**Provided material**
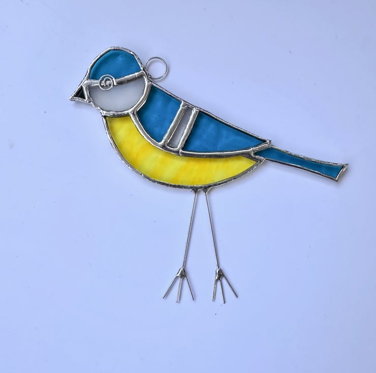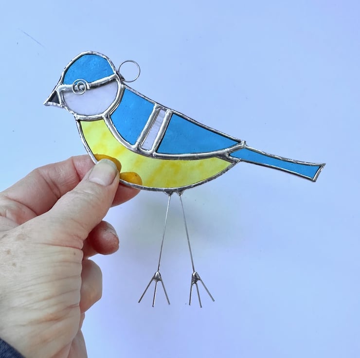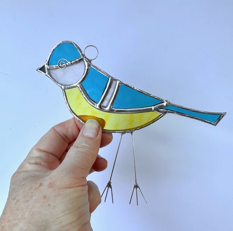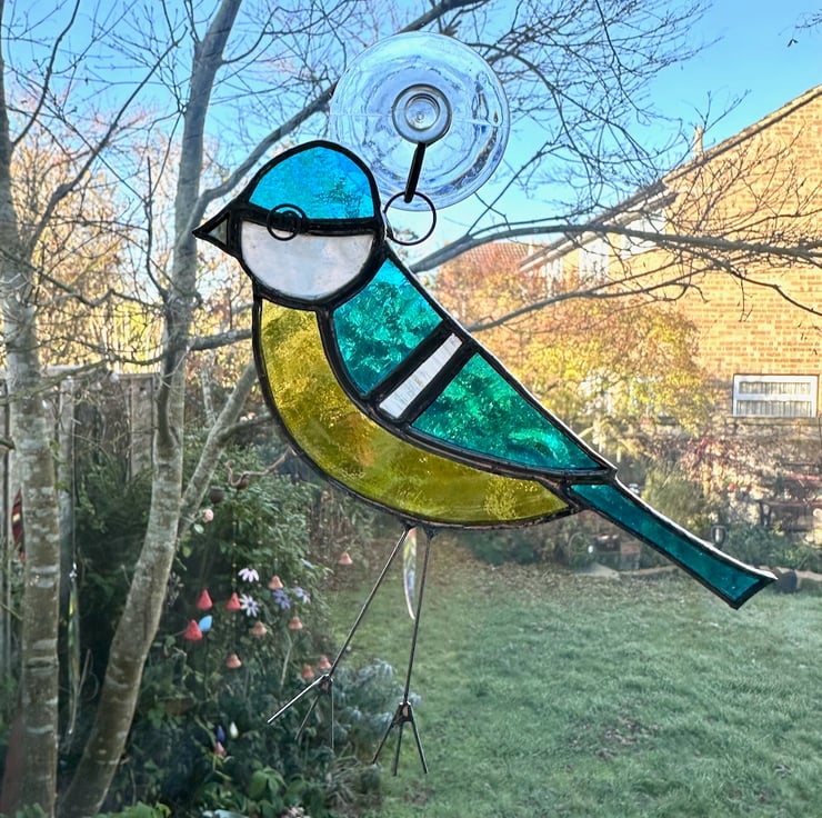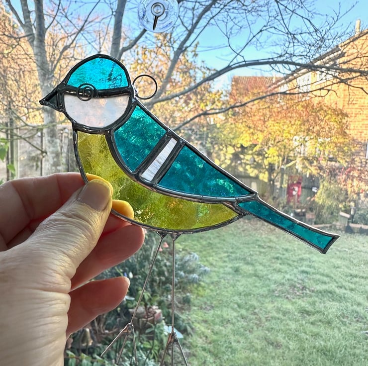 Blue tit suncatcher made from beautiful stained glass by Carole’s Glass.
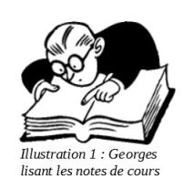 Dans l'exemple ci-dessous, la légende "Illustration 1 : Georges lisant les notes de cours" a été ajoutée à l'image pour préciser qu'il s'agit d'une illustration. Comme il s'agit de la première illustration dans le document, le numéro 1 lui a été associé.
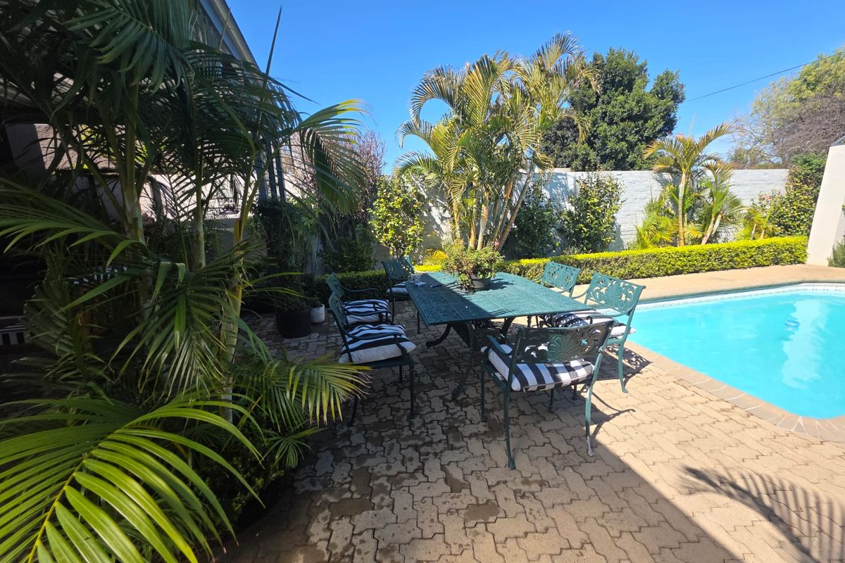 Outdoor living is a highlight, with two patios: one covered at the entrance and another spacious entertainment patio with a built-in braai. This larger patio comfortably accommodates a 8–10 seater table plus a lounge set, still leaving space to move around with ease. The property also includes a swimming pool, landscaped front and back gardens, a courtyard, paved areas, and an irrigation system.

**Work task**
Only the lines from where the data begins to the line with "Dans l'exemple ci-dessous, la", both of them included, should be reproduced word for word; no pictures.

**Answer below**
 Blue tit suncatcher made from beautiful stained glass by Carole’s Glass.
 Dans l'exemple ci-dessous, la légende "Illustration 1 : Georges lisant les notes de cours" a été ajoutée à l'image pour préciser qu'il s'agit d'une illustration. Comme il s'agit de la première illustration dans le document, le numéro 1 lui a été associé.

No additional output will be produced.